For less than $200, you could purchase a pop-up canopy tent like you see vendors using at swap meets and other events. We purchased a 10×10 Ft Euromax tent to provide us shade when we go to events and couldn’t be happier with it.
It can be put up and taken down in minutes and is stable even in a steady breeze due to the tent stakes on each corner. There are also weights you can purchase to help stabilize each corner if stakes aren’t an option. Once summer is over, you can easily take it down and store it in the roll away bag that is included. You will also likely find other uses for this like we have. It is great for backyard parties and other outdoor events where they are allowed.
If you are lucky enough to have enough garage space to work in, we have some suggestions on how to keep it cool in the hot summer months.
If you have a window in your garage, you might want to consider splurging for an A/C unit if you can afford to purchase and operate it. An AC unit with at 10,000 BTU minimum is what you will need for an average 2 car garage. There are plenty of affordable A/C units online but skip the cheap ones. You are looking at least $300 and up for one that will keep you cool and run efficiently. An inefficient A/C unit will need to run a lot more and your electricity bill will pay the price.
If you live in a dry climate like Arizona, you can purchase an inexpensive swamp cooler. There are many portable swamp coolers that you can simply roll over to your work area and let it do its job. They work great as long as there isn’t too much humidity in the air.
Speaking of humidity, you might want to pick yourself up a dehumidifier for your garage. Dry air always feels cooler than humid air. It is also nice to get all that moisture away from your classic car. Dry air is a friend to both your comfort and your classic car. Only problem is that dehumidifiers can be really expensive. Make sure you do your research to find out which one will work best in your climate and for your workspace.
Another way to keep your garage cool in the summer (and warmer in the winter) is to insulate the garage door. Doesn’t make much sense to spend a ton of money running an A/C unit in your garage if the cold air is just going to escape.
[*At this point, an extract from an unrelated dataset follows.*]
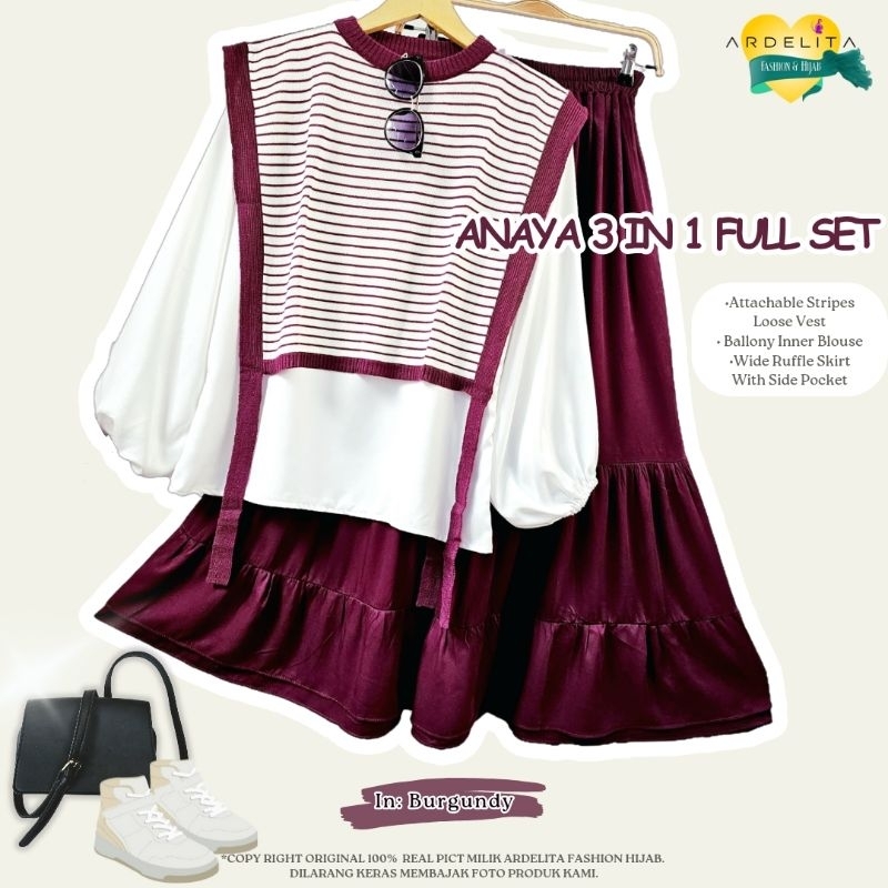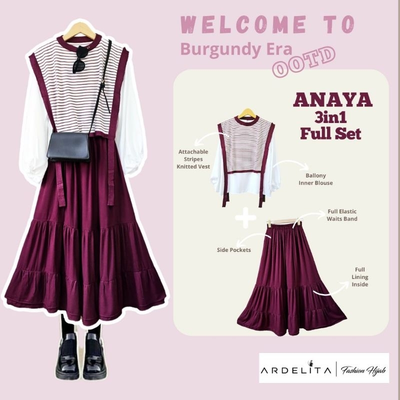 ARDELITA - Anaya 3in1 Set Rok OOTD Wanita Remaja Dewasa Hijab Burgundy Trend Baju Pakaian Terbaru 2025
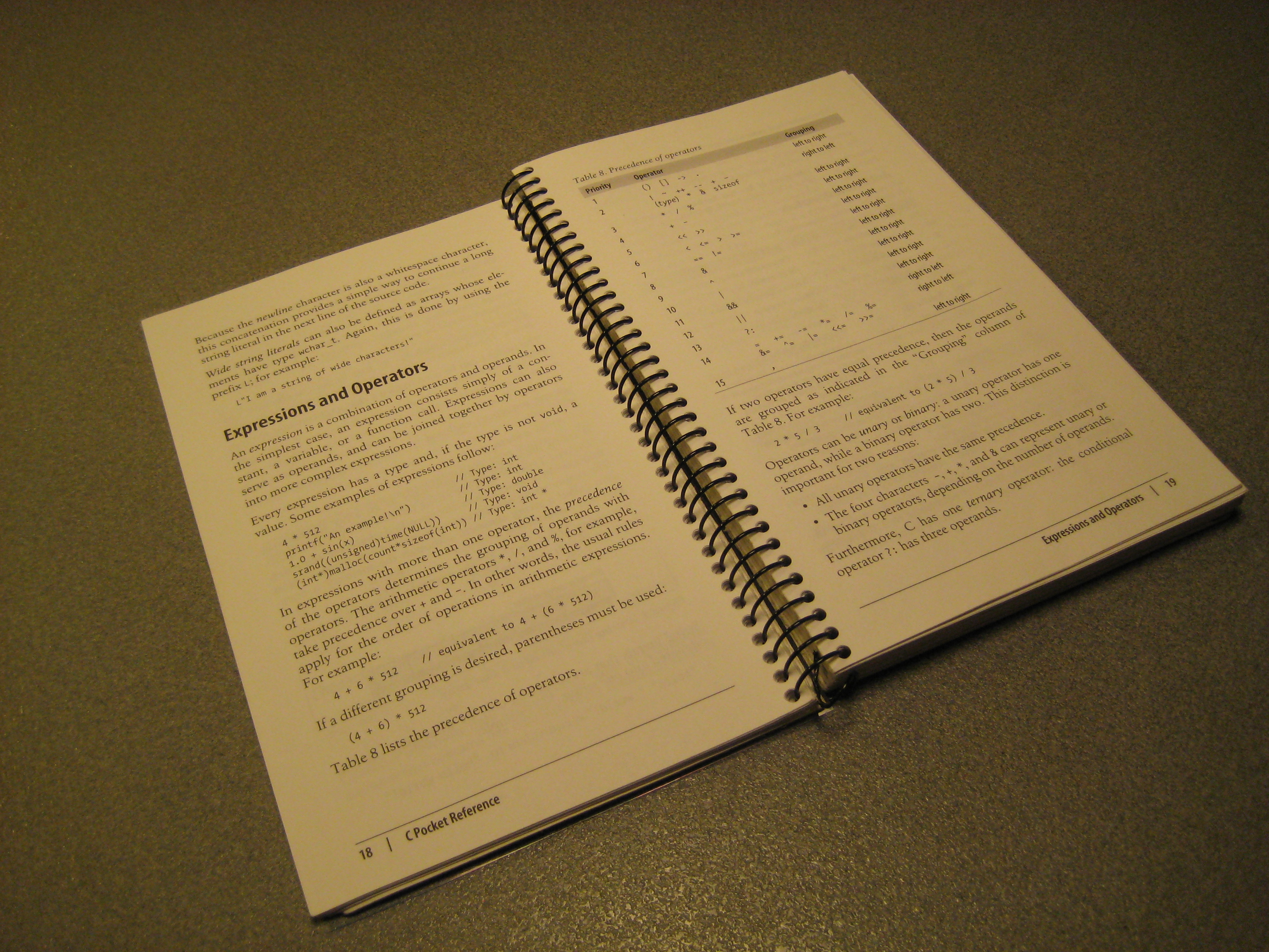 Way back in January 2006 I posted a photo of my favorite programming book. Yesterday this battered old manual was given a second life in the form of spiral binding. Now the pages are no longer in danger of falling out, and it can sit flat on the desktop (3072x2304 JPEG, 3.5MB).

The initial cost of insulation will certainly be offset with your first electric bill.
Our last piece of advice is the cheapest method of cooling your garage, but also is usually the least effective. Depending on where you live, you might be able to get away with a set of box fans to cool your garage. Chances are you will need to keep the garage door open or at least partially open to keep the air flow moving. Strategically place box fans diagonally in the garage can help you stay cool. A pitcher of ice water nearby can also provide a quick sense of relief and keep you hydrated.
One other solution might not be ideal, but it almost always works… buy lots of lights and work at night.